The purpose of this article is to review the foundational work and current developments on a group of rheumatic disorders associated with mutations in the caspase recruitment domain 15/nucleotide oligomerization domain 2 gene.


To date, there are at least 10 arthritic conditions for which specific genetic mutations have been demonstrated. They include familial Mediterranean fever; tumor necrosis factor receptor associated periodic syndrome; hyper immunoglobulin D syndrome; neonatal onset multisystemic inflammatory disease; pyogenic arthritis pyoderma gangrenosum and acne; Muckle-Wells syndrome; familial cold autoinflammatory syndrome; immunodysregulation, polyendocrinopathy, enteropathy, X-linked syndrome; Crohn's disease; and familial and sporadic sarcoid granulomatous arthritis. This review focuses on recent progress in the last two diseases and the caspase recruitment domain 15 genetic defects with which they are associated. Up to 50% of patients with familial granulomatous arthritis (Blau's syndrome), 90% of those with sporadic granulomatous arthritis (early-onset sarcoidosis), and 40% of individuals with Crohn's disease have documented mutations in the caspase recruitment domain 15 gene.

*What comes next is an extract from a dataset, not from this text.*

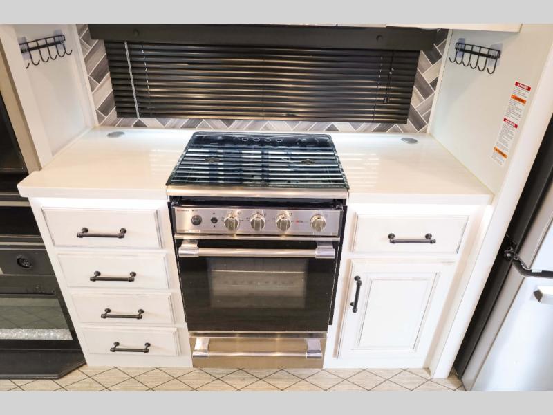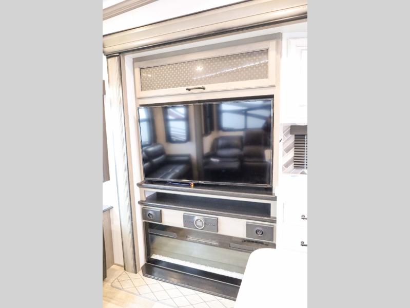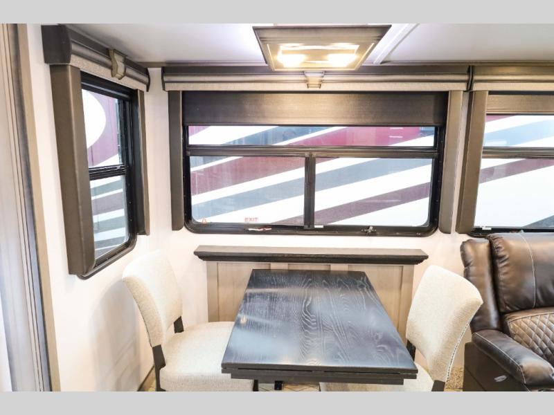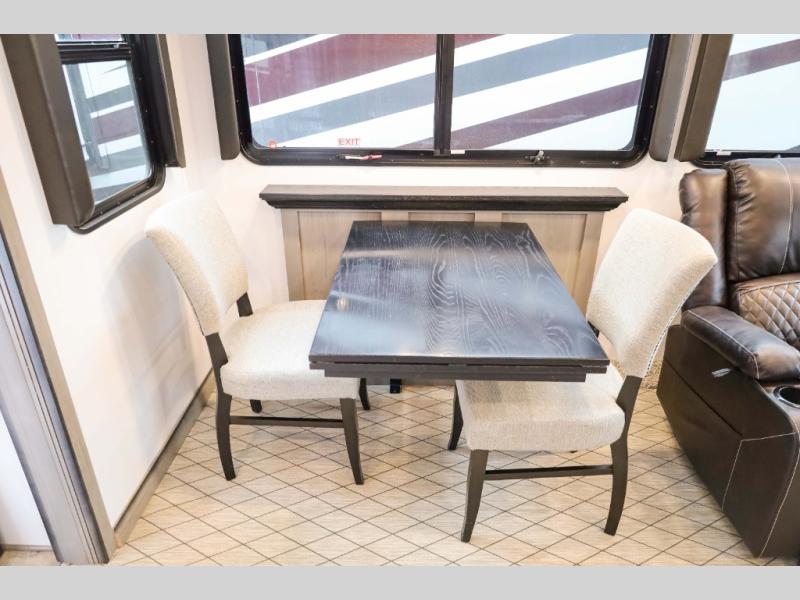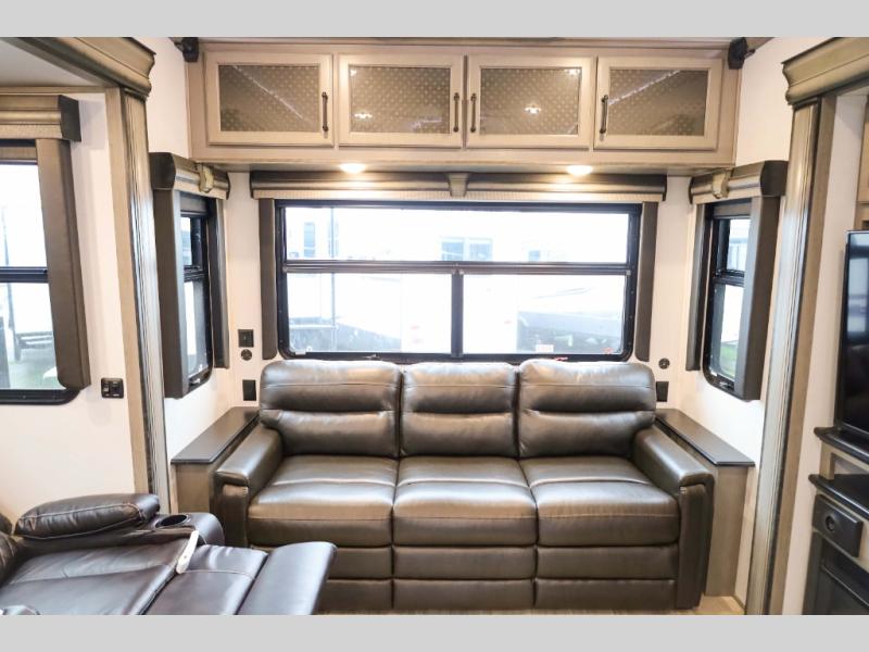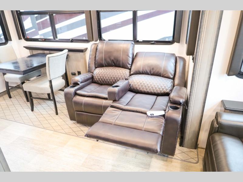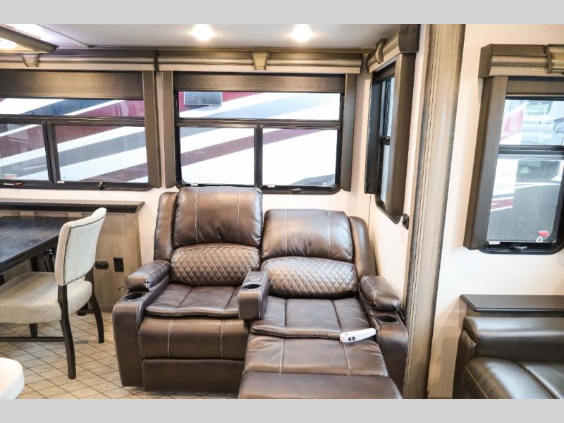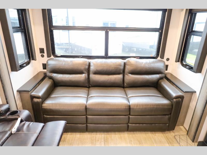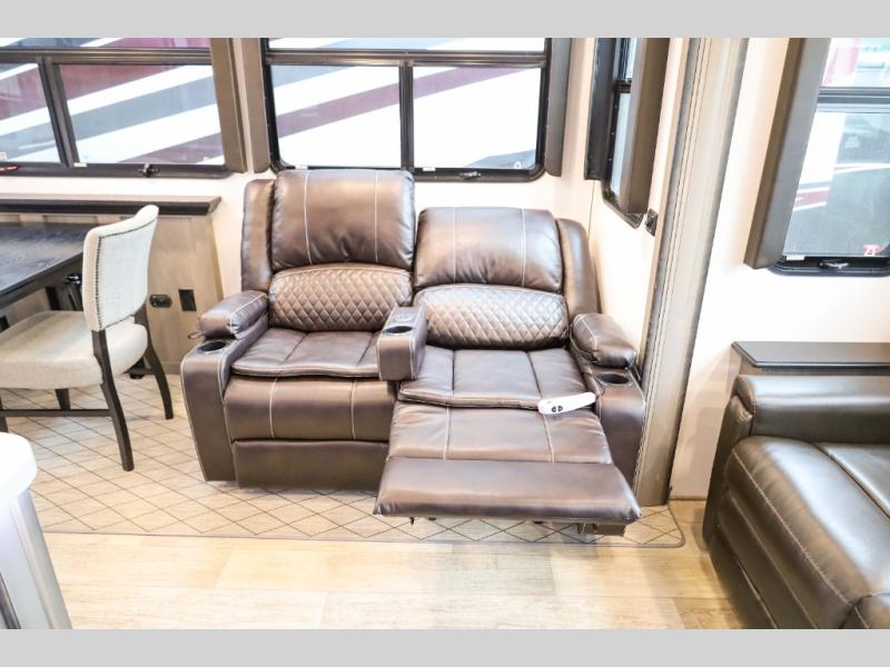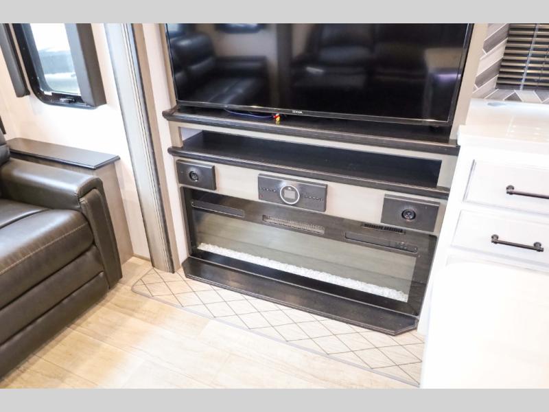 Spacious Rear Living Area: Relax in style with power-theater seating, a hide-a-bed sofa, and a cozy electric fireplace that doubles as a 5,100 BTU heater.

Although histologically, Crohn's disease and familial and sporadic sarcoid granulomatous arthritis are distinct from rheumatoid arthritis because of the defining presence (albeit in not all cases) of non-caseating granulomata in the synovial and intestinal tissues, respectively, they still represent a promising model of both chronic synovitis and uveitis. In addition, once the actual mechanism is discovered by which defects of the caspase recruitment domain 15 gene product lead to chronic arthritis, it may uncover unsuspected biologic targets for therapeutics.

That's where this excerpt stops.